Can't do Segmentation: CUDA error: device-side assert triggered


(xnet) #1

Could anyone help with troubleshooting the " CUDA error: device-side assert triggered" error?

I’ve figured it’s due to some -1 value in my data, but I don’t know where. I suspect it’s the masks I’ve created, since the camvid datasets work well.

Basically, I manually create masks in numpy and save them as such:
img = Image.fromarray((mask * 255).astype('uint8'), mode='L')
img.save(savefile, bit=1)
where mask is the numpy array

Then, I use this PNG as my segmentation masks. There’s only 2 classes and so only 0 and 1s, and I manually pass in the codes as
codes = np.asarray(['void','seam'])

There’s also some output error on the command line, but I’m not sure how to troubleshoot this:

/opt/conda/conda-bld/pytorch_1549287501208/work/aten/src/THCUNN/ClassNLLCriterion.cu:105: void cunn_ClassNLLCriterion_updateOutput_kernel(Dtype *, Dtype *, Dtype *, long *, Dtype *, int, int, int, int, long) [with Dtype = float, Acctype = float]: block: [0,0,0], thread: [15,0,0] Assertion t >= 0 && t < n_classes failed.

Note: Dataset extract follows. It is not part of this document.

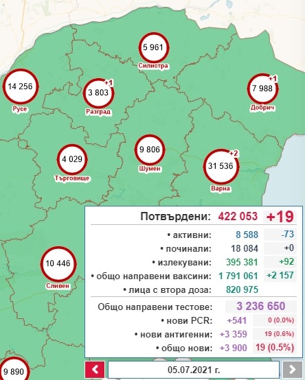 Така общият брой на потвърдените случаи става 422 034, от които активни са 8661. 7 са излекуваните през последното денонощие, а общият им брой е 395 289. Поставените дози ваксини са общо 1 788 904, като 3597са ваксинирани за денонощието . Хоспитализираните са 1315, от които 154 се намират в интензивното отделение.
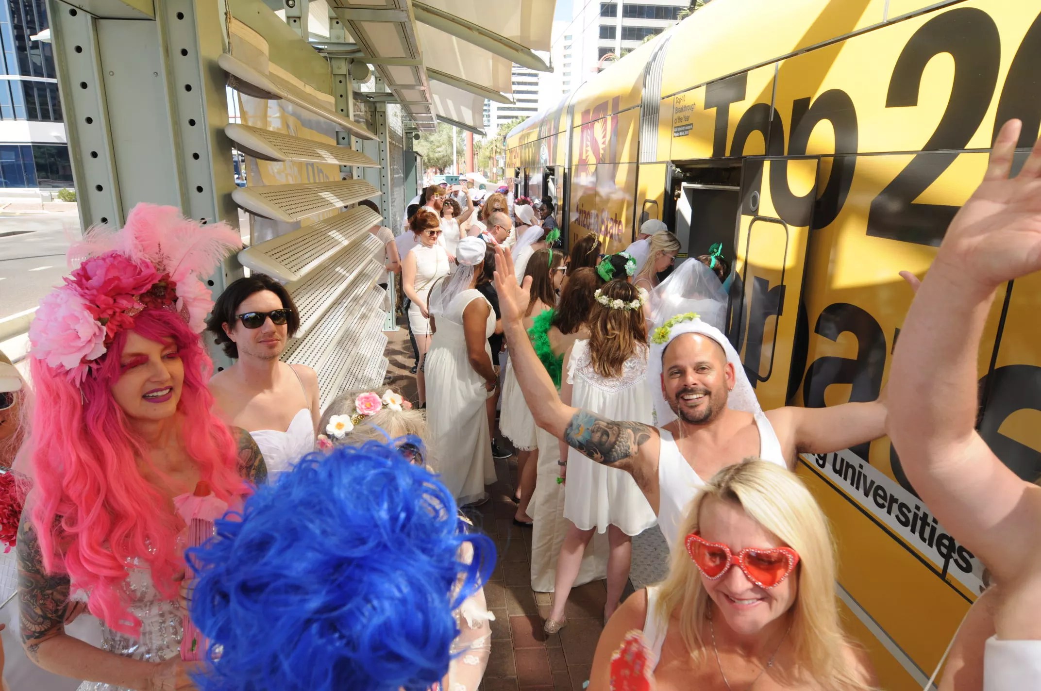 Now, picture that scene with a madcap, boozy twist, and you’ve got the annual Brides of March in downtown Phoenix – a gonzo, costumed bar crawl where people of all gender identities don thrift-store wedding gowns and visit drinkeries along the light rail.

I should also add that the masks looks fine when I visualize them with data.show_batch()


(Imanol Pinto) #2

I have the same issue, also using PNG files as masks


(Sunhwan Jo) #3

I think there should not be any gap between your masked integer values. Because you are multiplying 255, you will end up having values 0 and 255 (if your input mask array is 0 and 1 only). Check with np.unique(img.getdata()) and made sure it returns [0, 1].


(Renato Hermoza) #4

When defining the DataBunch, have you specified the classes?


(Imanol Pinto) #5

I have found the solution. The problem is that my masks have the following values: [0, 255], and this is not supported by default by fast.ai. The problem is that the fast.ai function open_mask works with small mask pixel values like 0,1,2,3 by default. This function is called by the SegmentationLabelList class. To work with 255 values we should call the function open_mask with div=True: open_mask(fn, div=True). It divides the mask pixel values by 255.

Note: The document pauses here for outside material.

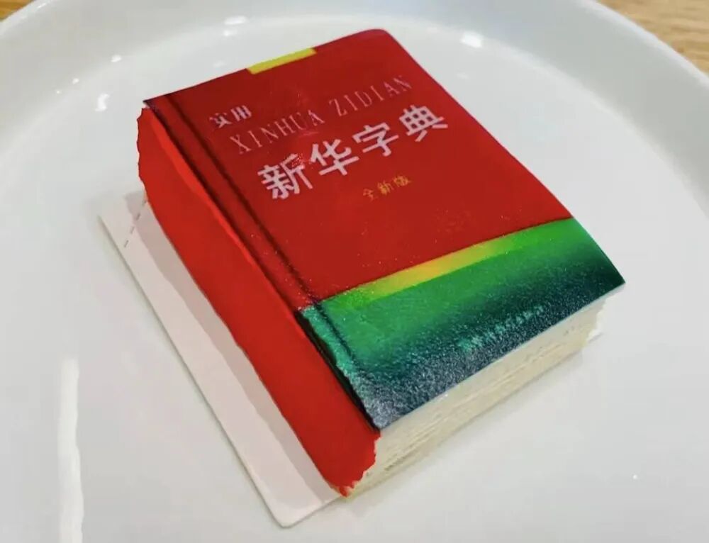 位于东四北大街的且慢cafe咖啡馆,招牌是一款新华字典芝士千层。表皮是仿真的经典红皮新华字典样式,内里由芝士奶油与千层皮叠落。

In order to change the default behaviour of open_mask, I did the following:

class SegLabelListCustom(SegmentationLabelList):
    def open(self, fn): return open_mask(fn, div=True)

class SegItemListCustom(SegmentationItemList):
    _label_cls = SegLabelListCustom

codes = ['0','1']
src = (SegItemListCustom.from_folder(path_img)
       .random_split_by_pct(valid_pct=0.2, seed=33)
       .label_from_func(get_y_fn, classes=codes))

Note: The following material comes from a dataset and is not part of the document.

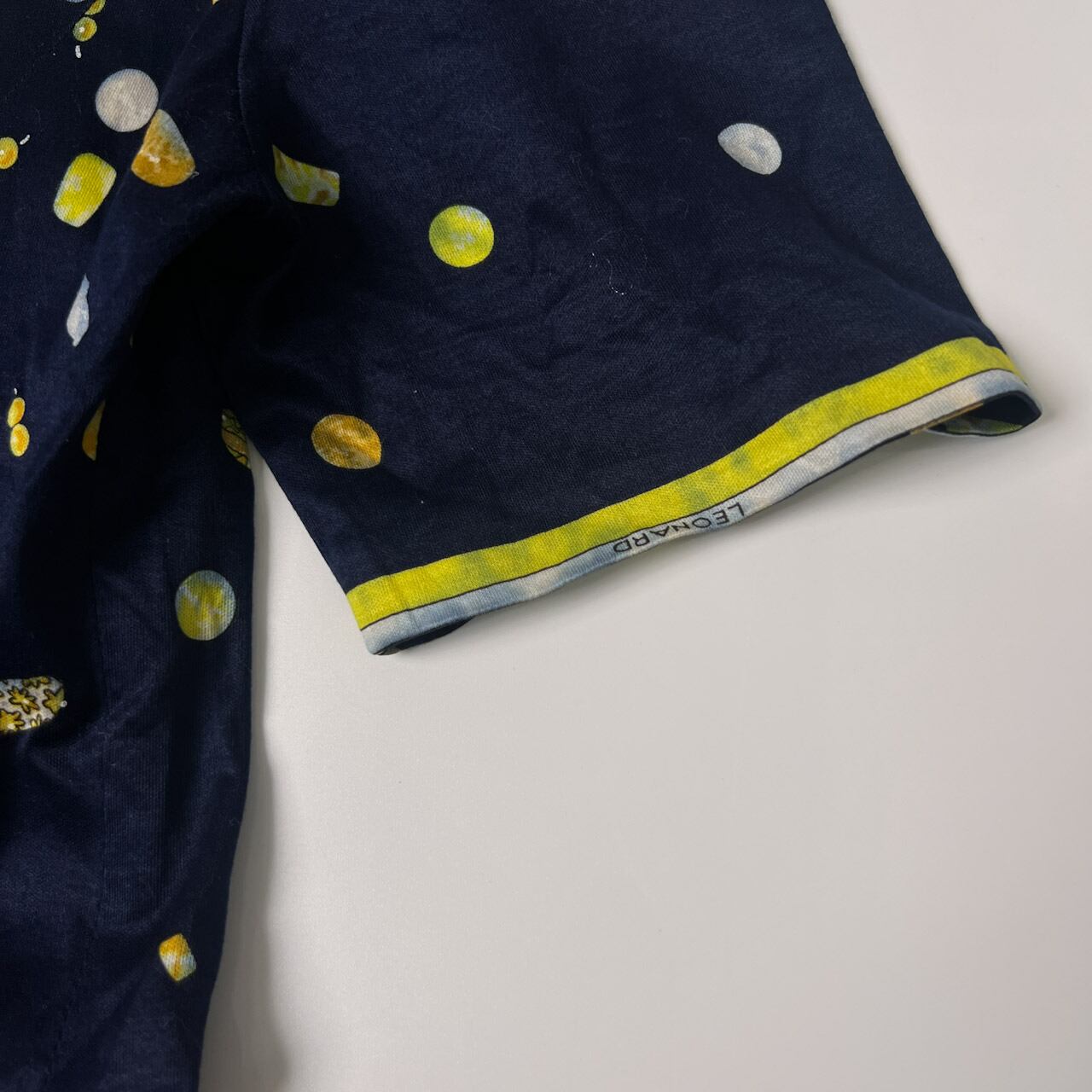 LEONARD FASHION レオナールファッション 総柄 コットン 半袖ワンピース M/ネイビー

data = (src.transform(get_transforms(), size=size, tfm_y=True)
        .databunch(bs=bs)
        .normalize(imagenet_stats))

Hope this helps. Thank you for your replies!


RuntimeError: CUDA error: device-side assert triggered when using unet_learner
#6

Hi, I used your codes, the error gone, but now by viewing data.show_batch, I found there is no mask. And if try" lr_find(learn);learn.recorder.plot()" after the learner created, the loss is 0, which confirm that the mask is gone…
How to fix that? Thanks


#7

I used “get_y_fn = lambda x: pathmask_train/f’{x.stem}_json.png’” before modification


(hasif) #8

Thanks @imanol, it works!


(Danielh Carranza) #9

I have the same issue, Did you solve it?